Bpf MITT houdt rekening met de maatschappelijke gevolgen van het beleggingsbeleid. Bpf MITT wil voorkomen dat zijn beleggingen bijdragen aan het ontstaan of vergroten van maatschappelijke problemen. Liever nog draagt Bpf MITT zijn beleggingen juist bij aan het oplossen van maatschappelijke kwesties. Bedrijven moeten zich bijvoorbeeld bewust zijn van de effecten die zij hebben op milieu, natuur en biodiversiteit en op zoek gaan naar milieuvriendelijke processen en technologieën.
53 ABTN Bpf MITT 2015
Bpf MITT wil graag bijdragen aan economische stabiliteit en duurzame economische groei. Het verwacht daarom van de ondernemingen en landen waarin het belegt dat zij zich inzetten voor de creatie van economische waarde op (middel)lange termijn.
Bpf MITT gaat in gesprek met bedrijven die zich in ernstige mate schuldig maken aan omkoping, corruptie, kartelvorming, afpersing en andere vormen van marktmisbruik op welke manier dan ook en stimuleert hen nadrukkelijk om hiermee te stoppen. Dit geldt ook voor bedrijven die normen op het gebied van milieu, arbeid of mensenrechten schenden.
Bpf MITT belegt niet (rechtstreeks of indirect) in ondernemingen die producten maken die in strijd zijn met door Nederland ondertekende internationale verdragen. Ook beleggen we niet in landen die in strijd handelen met de internationale verdragen of die op de sanctielijsten van de Verenigde Naties of de Europese Unie staan.
Bpf MITT houdt met de beleggingen zoveel mogelijk rekening met ESG-risico’s. Als een bedrijf zich echter niet aan de internationale verdragen houdt of aan de richtlijnen uit het verantwoord beleggen beleid, dan maakt Bpf MITT actief gebruik van zijn aandeelhoudersrechten om tot verbeteringen aan te zetten. Dat moet wel op enig moment tot resultaat leiden. Anders besluiten we alsnog om uit dat bedrijf te stappen.
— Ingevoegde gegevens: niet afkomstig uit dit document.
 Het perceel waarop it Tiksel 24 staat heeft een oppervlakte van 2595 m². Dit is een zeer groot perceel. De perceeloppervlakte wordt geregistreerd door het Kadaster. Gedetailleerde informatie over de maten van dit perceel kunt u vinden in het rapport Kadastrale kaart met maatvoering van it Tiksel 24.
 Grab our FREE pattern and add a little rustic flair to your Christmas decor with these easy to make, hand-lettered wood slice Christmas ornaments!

Bpf MITT respecteert de Universele Verklaring van de Rechten van de Mens en aanverwante verdragen. Ook hanteert het de kernverdragen van de Internationale Arbeidsorganisatie van de Verenigde Naties. Zo zet Bpf MITT zich in voor vrijheid van vakvereniging en het recht op collectieve onderhandelingen, maar ook voor het uitbannen van elke vorm van gedwongen arbeid, kinderarbeid en arbeidsdiscriminatie. Bpf MITT houdt zich aan het Milieuverdrag dat in 1992 in Rio de Janeiro is gesloten.
Bpf MITT wil dat bedrijven zich houden aan de OESO-richtlijnen voor Multinationale ondernemingen. Die regels geven aan wat er van bedrijven wordt verwacht bij het (internationaal) zakendoen op het gebied van maatschappelijk verantwoord ondernemen. Bijvoorbeeld als het gaat om kwesties als mensenrechten, kinderarbeid en het nemen van verantwoordelijkheid in de hele keten.
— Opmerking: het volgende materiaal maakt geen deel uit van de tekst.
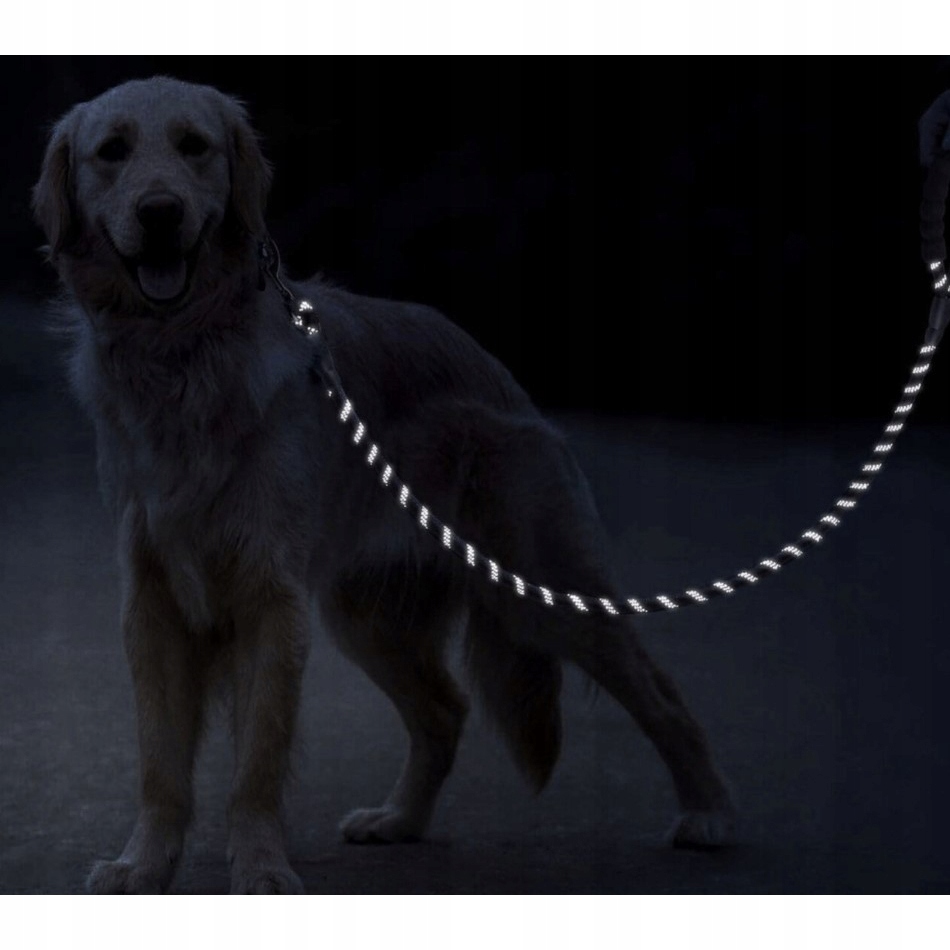 Warto dodać, że smycz posiada na całej długości paski odblaskowe. Takie rozwiązanie zwiększa widoczność po zmroku – gdy psa oświetlą światła jadącego samochodu, pasek odbije delikatnie światło, dając znak kierowcy, że ktoś znajduje się na drodze.

Bpf MITT wil graag dat de ondernemingen waarin wordt belegd hun corporate governance op een solide wijze vormgeven. Dat betekent dat bedrijven op een goede manier omgaan met aspecten als onafhankelijk toezicht op de onderneming, een gepast beloningsbeleid, het respecteren van nationale wet- en regelgeving en aandacht voor de rechten van (minderheids)aandeelhouders.
Bpf MITT maakt conform het MN beleid voor verantwoord beleggen bewuste keuzes. Bij twijfel en/of dilemma’s maakt het een gewetensvolle, ethische keuze. Daarbij baseert Bpf MITT zich op het verantwoord beleggen beleid.
6. Uitvoering actief aandeelhouderschap Bpf MITT stelt zich conform het MN beleid voor verantwoord beleggen op als een actieve aandeelhouder. Voor de implementatie van actief aandeelhouderschap sluit Bpf MITT aan bij
54 ABTN Bpf MITT 2015
standaarden en principes van verschillende organisaties, zoals het principe rondom actief aandeelhouderschap van de PRI van de Verenigde Naties, de Eumedion Best Practices voor betrokken aandeelhouderschap, de uitgangspunten van de Global Compact van de Verenigde Naties en de Richtlijnen voor multinationale ondernemingen van de Organisatie voor Economische Samenwerking en Ontwikkeling (OESO). De invloed die Bpf MITT beoogd uit te oefenen heeft betrekking op de ESG criteria en wordt onder andere bereikt door het gebruikmaken van het stemrecht op aandelen, het aangaan van dialoog en waar nodig het aanspannen van juridische procedures om beleggingsverliezen terug te halen. 7. Verantwoorde beloningsstructuren Bpf MITT stimuleert verantwoorde beloningsstructuren bij marktpartijen waarmee zij samenwerkt. Transparantie 1. Transparantie over beleid Bpf MITT geeft inzicht in de beleidskaders die het hanteert bij het beleggen van de premie van de deelnemers, onder andere door dit strategisch beleggingskader publiekelijk beschikbaar te stellen. 2. Transparantie over uitvoering Bpf MITT geeft inzicht in de uitvoering van zijn beleggingsbeleid door te rapporteren over de bereikte resultaten. 3. Transparantie over titels in portefeuille Bpf MITT geeft waar nodig inzicht in de individuele titels die het in portefeuille heeft, voor zover er geen nadelige overwegingen zijn die hieraan in de weg staan. 4. Transparantie over kosten Bpf MITT geeft inzicht in de kosten van het vermogensbeheer door aan te sluiten bij de Aanbevelingen Uitvoeringskosten van de Pensioenfederatie. 5. Transparantie over verantwoord beleggen Bpf MITT geeft inzicht in zijn verantwoord beleggen beleid en de uitvoering daarvan via een separaat jaarverslag.